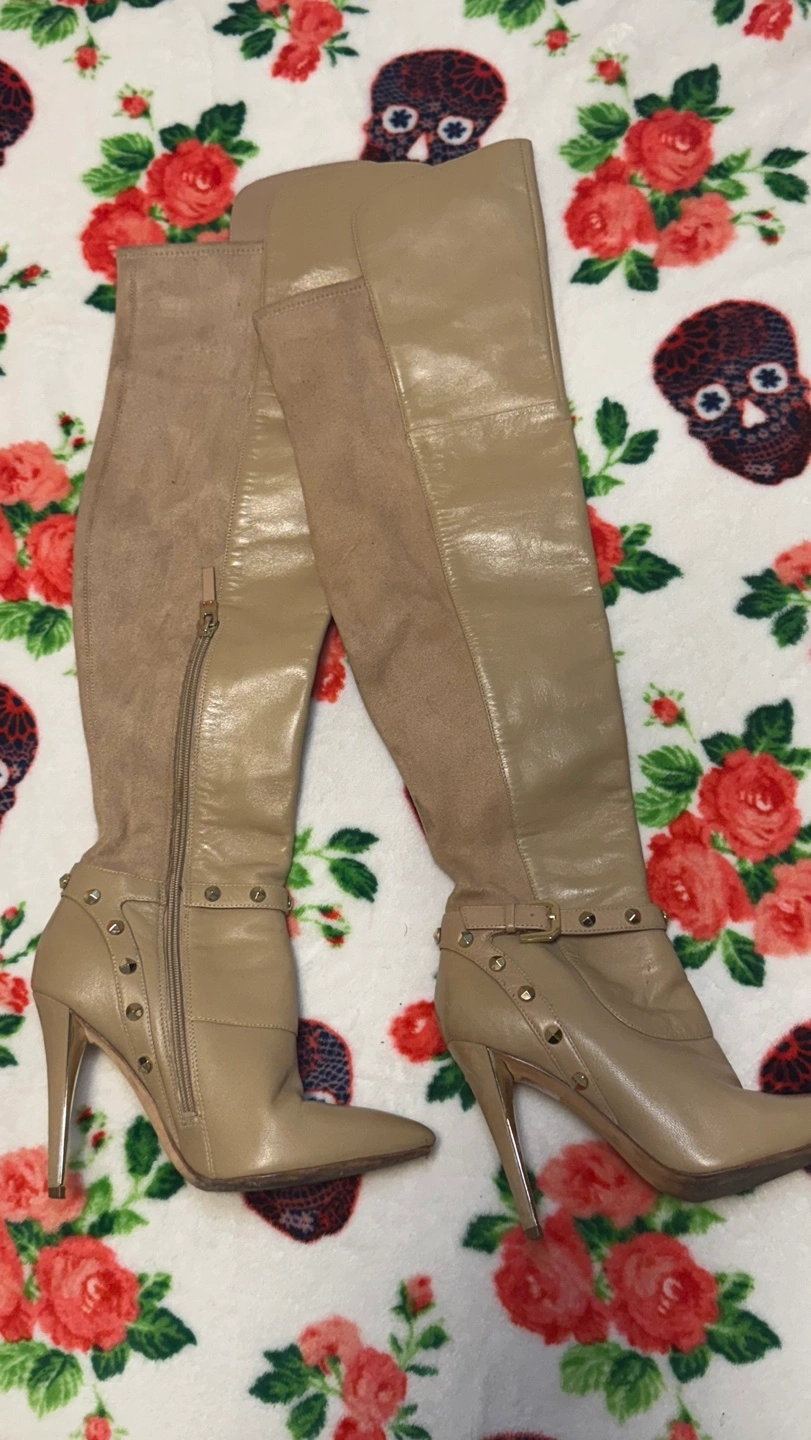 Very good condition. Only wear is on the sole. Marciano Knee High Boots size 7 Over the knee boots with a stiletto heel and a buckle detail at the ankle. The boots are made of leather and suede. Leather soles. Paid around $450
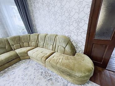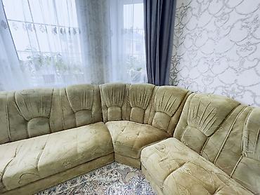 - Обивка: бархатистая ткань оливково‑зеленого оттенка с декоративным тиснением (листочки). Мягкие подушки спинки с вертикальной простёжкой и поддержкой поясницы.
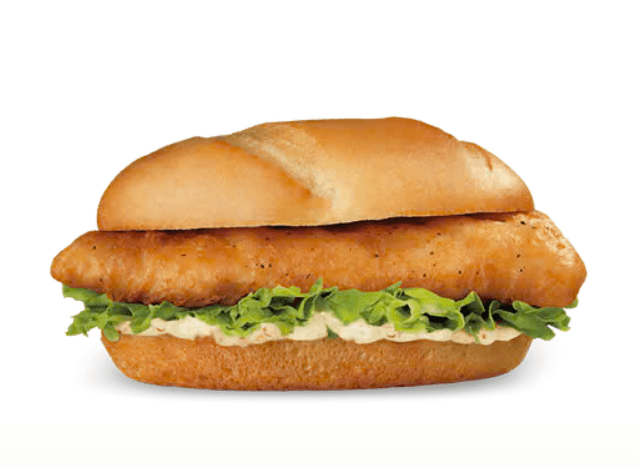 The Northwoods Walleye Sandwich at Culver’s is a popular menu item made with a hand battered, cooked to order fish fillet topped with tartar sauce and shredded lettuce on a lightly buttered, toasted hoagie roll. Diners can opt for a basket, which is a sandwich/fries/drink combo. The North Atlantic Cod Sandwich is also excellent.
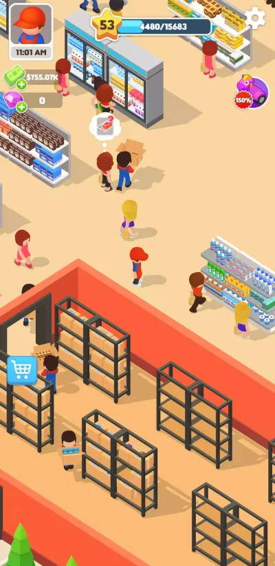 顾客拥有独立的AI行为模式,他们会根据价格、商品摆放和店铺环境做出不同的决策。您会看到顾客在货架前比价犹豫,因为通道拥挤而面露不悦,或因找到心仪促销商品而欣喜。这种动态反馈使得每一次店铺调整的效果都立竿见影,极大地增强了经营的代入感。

◆ ◆ ◆

What you should do:
Each of the lines above should be transcribed exactly; no image is to be copied.

Solution for this problem:
 Very good condition. Only wear is on the sole. Marciano Knee High Boots size 7 Over the knee boots with a stiletto heel and a buckle detail at the ankle. The boots are made of leather and suede. Leather soles. Paid around $450
 - Обивка: бархатистая ткань оливково‑зеленого оттенка с декоративным тиснением (листочки). Мягкие подушки спинки с вертикальной простёжкой и поддержкой поясницы.
 The Northwoods Walleye Sandwich at Culver’s is a popular menu item made with a hand battered, cooked to order fish fillet topped with tartar sauce and shredded lettuce on a lightly buttered, toasted hoagie roll. Diners can opt for a basket, which is a sandwich/fries/drink combo. The North Atlantic Cod Sandwich is also excellent.
 顾客拥有独立的AI行为模式,他们会根据价格、商品摆放和店铺环境做出不同的决策。您会看到顾客在货架前比价犹豫,因为通道拥挤而面露不悦,或因找到心仪促销商品而欣喜。这种动态反馈使得每一次店铺调整的效果都立竿见影,极大地增强了经营的代入感。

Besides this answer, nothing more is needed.